Hawass instructed curators at the Egyptian Museum in Cairo to look for the second mummy found by Carter and moved by Ayrton in 1908. They found it on the third floor of the museum. Examinations revealed that the badly damaged coffin is typical 18th Dynasty and among the inscriptions engraved on it is " wr Sdt nfrw nswt In, [great royal nurse In]." The mummy inside is 1.5m tall while the coffin is 2.13m, suggesting that the coffin was not originally intended for the mummy it contains. "The obese mummy still in the tomb is significantly taller, and would fit much better in the coffin," says Hawass. The examination also revealed that the mummy in the Egyptian Museum has her right hand by her side and the left hand across her abdomen, with the hand closed as if it was originally holding something. She was mummified in fine linen, with the fingers wrapped individually. The toes were evidently wrapped together; this wrapping has been torn away, as if the robbers were looking for gold. The woman was eviscerated through a U-shaped incision in the abdomen. She has long curly hair remaining on her head. There is also a mass of linen at the bottom of the coffin but this is not of the same quality.
"I think the face is quite royal, and believe that anyone who sees it will have the same reaction," concluded Hawass in his article.
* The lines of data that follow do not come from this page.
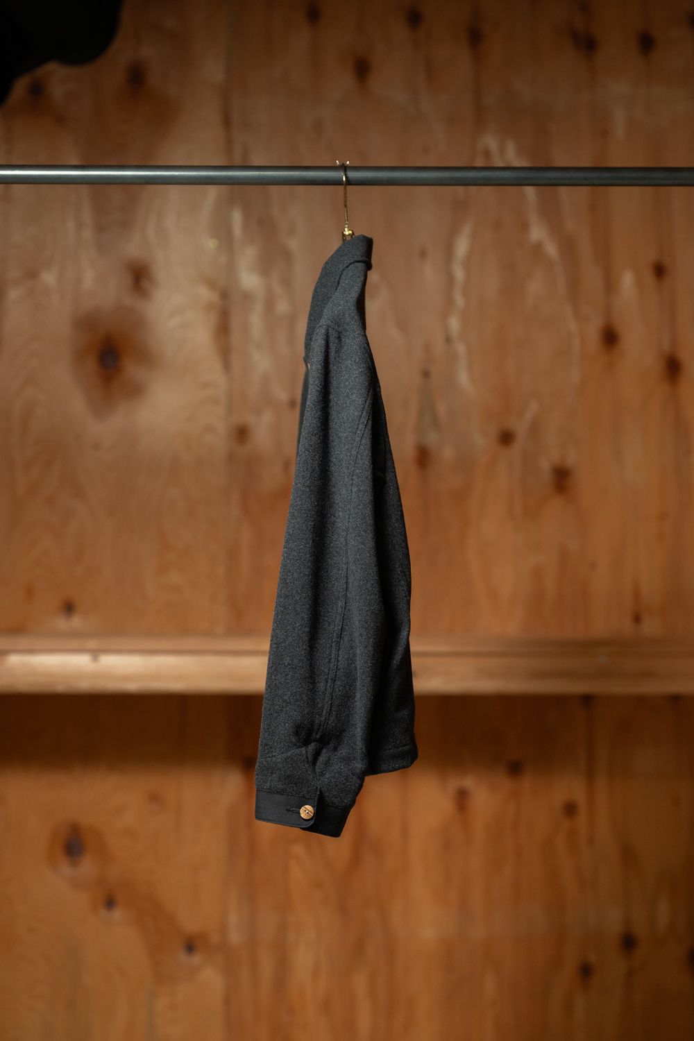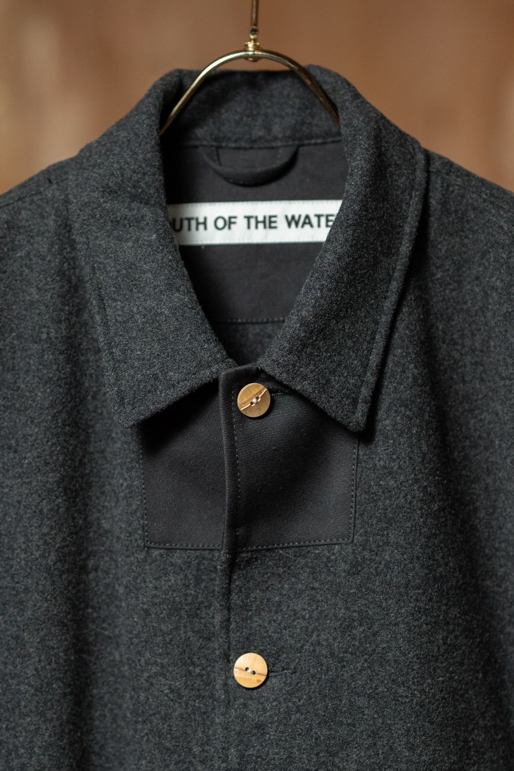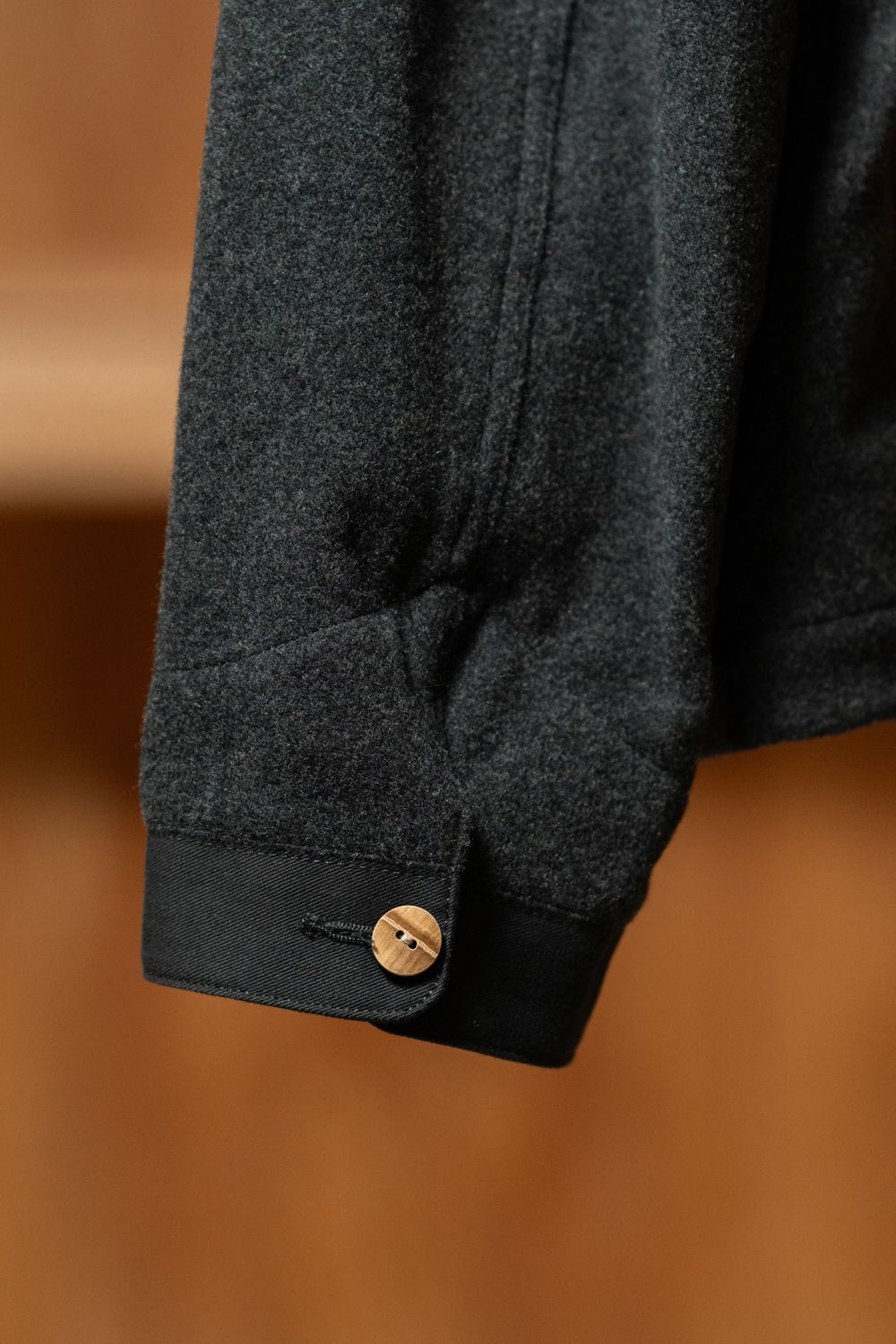 メルトン素材でありながら、生後間もないラムウールならではのしなやかさがあり、着用時には体を優しく包み込みます。ボタンには、長い時間をかけて風合いを深めるとされる竹素材を使用。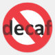 Dile no al café descafeinado. Detén el decaf. Termina el café decaf asado. La palabra "decaf" está cubierta con un símbolo rojo prohibido (círculo con una línea a través de él). Solo di "no" a decaf.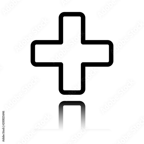 © fokas.pokas, Obraz premium Medical cross icon. Black icon with mirror reflection on white background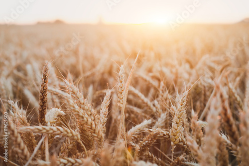 © Song_about_summer, Fototapeta premium wheat crop field beautiful background with golden sunset light, harvesting cereals
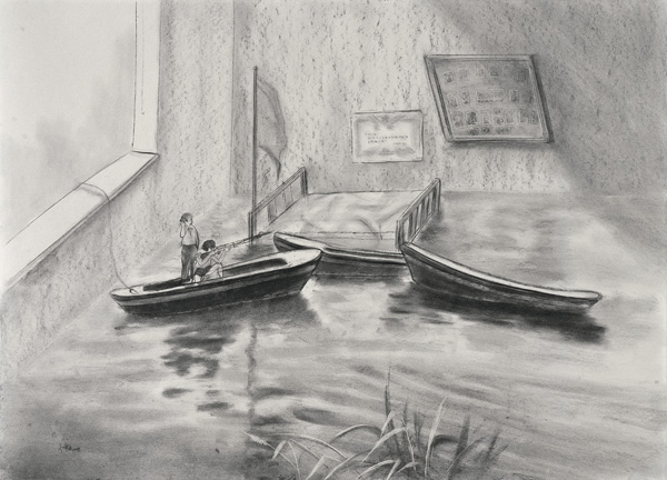 吴啸海 《水位》 90x115cm 木炭 纸 2008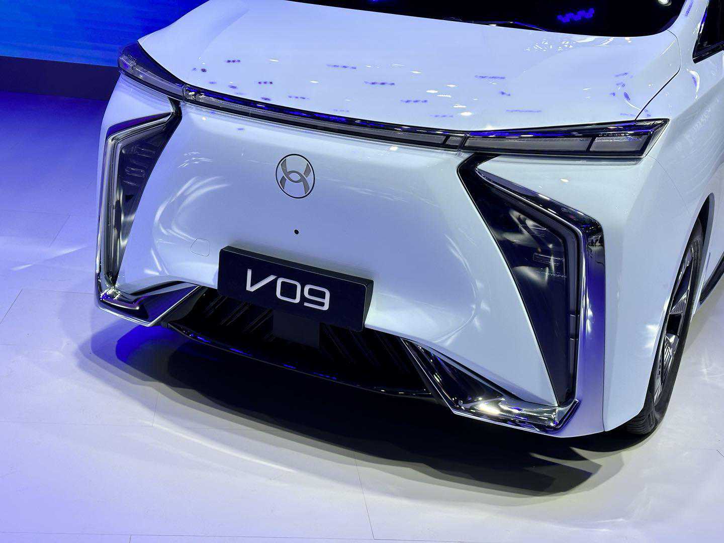 合创V09在2023上海车展上正式亮相,其前脸部分仪式感较强,封闭式前隔栅、贯穿式日行灯和底部黑色包围的组合,不仅看上去年轻,而且还带有十足的运动范儿,虽然类似的风格在市场上也有出现,但是配合淡蓝色车漆,大大削减了传统MPV带来的“油腻”感。

He suggests that in the Third Intermediate Period, during the 21st Dynasty, the priests moved the mummy of Hatshepsut to KV60, which was possibly cut in the 18th Dynasty but never used. The priests moved Hatshepsut's mummy for security reasons, as they did with many mummies in the valley.
According to Hawass the big breasted mummy in KV60 may well be the wet nurse, the original occupant of the coffin at the Egyptian Museum, while the mummy on the third floor of the Egyptian Museum could be Hatshepsut.
In an attempt to end such speculation, the mummy was moved to the Egyptian Museum in Cairo where it was subjected to CT scans and other examinations.
Talking at the Metropolitan Museum during the inauguration of the Hatshepsut exhibition, Hawass said that while they had considered DNA testing the problem is that "there are mistakes about 40 per cent of the time. We might, though, experiment with an Egyptian team, with the mummy of Thutmosis II and with the mummies thought to be of Hatshepsut. If they are related, maybe this will settle the issue."
Examinations are now in their final stages and Hawass will declare which is the mummy of Hatshepsut at the end of this month during an international press conference at the Egyptian Museum.